BEPS update: impact on the aviation leasing industry
The OECD’s BEPS project could have an impact on aircraft leasing companies operations writes Brian Leonard who is a tax director at PwC. He says changes to areas including tax treaty access, transfer pricing and PE rules may require action by lessors. He adds that 'countries may unilaterally seek to implement some of the recommendations published to date, such as Ireland’s recent move on the ‘Double Irish’.'
Ireland has long been recognised as the leading location for the aviation industry. This position is helped by our commitment to maintaining a favourable tax regime, most notably our low corporate tax rate, tax depreciation benefits and continued commitment to expand our already wide spanning treaty network.
Brian Leonard
Brian Leonard

The OECD’s Base Erosion and Profit Shifting (BEPS) Action Plan is designed to enhance international consensus on various actions to refine international tax regimes. This article provides high level insights into the potential impact of BEPS on the aviation leasing industry. See the chart for the current status of individual actions.

(i) Action 6 - Preventing Treaty Abuse
The OECD has outlined proposals for counteracting the perceived abuse of tax treaties. Proposals comprised in their report dealing with Preventing Treaty Abuse include a limitation on benefits article and/or a Principal Purpose Test.

Widespread implementation of these proposals would threaten the sustainability of certain well established arrangements widely used in the leasing industry (e.g. head lease/ sublease structures). In addition, as substance is a fundamental theme of the BEPS agenda, an unintended consequence of these proposals could include increased reluctance of tax authorities to grant treaty benefits to non-standard corporate structures used in the industry.

In conjunction with Article 15 of the Action Plan, any agreed changes to treaties will be implemented via a multilateral instrument, targeted to be negotiated within 2 years commencing in early 2015. The key takeaway for the leasing industry on this point is that the OECD’s treaty-based BEPS actions may soon become a reality.

(ii) Action 7 - Prevent the artificial avoidance of PE status
 

The traditional thresholds for creating a permanent establishment (PE) in a country are also being reconsidered.
Global leasing companies typically have personnel in local countries engaging with airline customers.

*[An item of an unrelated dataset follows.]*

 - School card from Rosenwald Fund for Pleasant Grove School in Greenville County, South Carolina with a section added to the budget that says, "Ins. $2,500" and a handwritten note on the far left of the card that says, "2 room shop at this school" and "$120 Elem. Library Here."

Often these personnel will agree broad contractual terms in principle with customers but are restricted by their employer from concluding contracts in that local country. The relevant OECD report provides a proposal to lower the PE threshold below that of ‘concluding contracts’. Suggestions include replacing ‘conclude contracts’ and/or ‘contracts in the name of the enterprise’ with ‘engages with specific persons in a way that results in the conclusion of contracts’ or ‘concludes contracts, or negotiates the material elements of contracts’. Consequently, activities leading to contracts would be sufficient to create a PE. This could have an adverse impact on the leasing industry and the activities of marketing/legal personnel.

(iii) Action 13 - Transfer Pricing documentation
Global related party transactions are common place in the leasing industry. Apart from head lease/sublease arrangements, related party transactions can arise in the context of funding, asset servicing, credit approval and cross guarantees. These arrangements are typically already subject to transfer pricing rules in Ireland and the counterparty jurisdiction. However, BEPS will introduce increased reporting requirements consisting of a three tier approach comprising a master file, a local file and a country-by-country (CbC) report.

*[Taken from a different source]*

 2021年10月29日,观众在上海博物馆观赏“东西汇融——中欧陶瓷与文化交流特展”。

CbC rules will require the ultimate parent to set out specified global data by country each year. Aside from the increased documentation burden, the availability of this information to tax authorities globally is likely to increase their scrutiny of arrangements in global leasing groups.

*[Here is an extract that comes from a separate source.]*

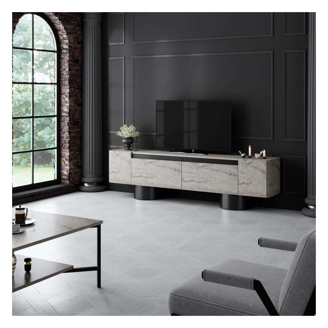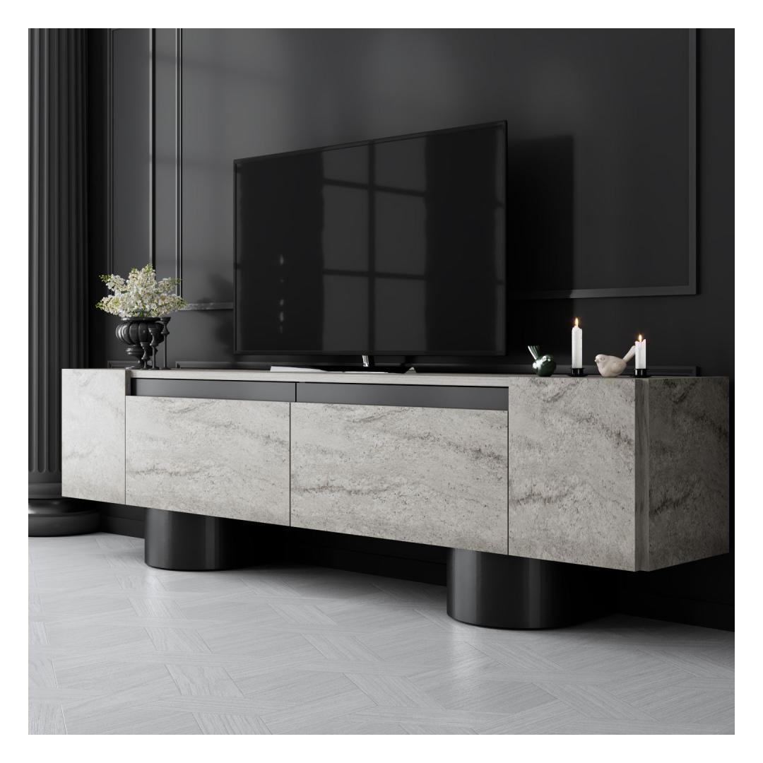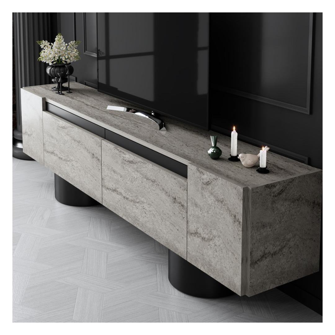 TV Stand Bohem - Travertine, Black

The OECD is viewing the 15 action points as a package of measures. This means that September 2015 should be a pivotal juncture in international tax policy development. Meanwhile, countries may unilaterally seek to implement some of the recommendations published to date (such as Ireland’s recent move on the ‘Double Irish’). Furthermore, it is likely that international tax authorities will be emboldened by the key themes emanating from the BEPS reports published to date.
Brian Leonard is a tax director at PwC.
This article appeared in the December 2014 edition.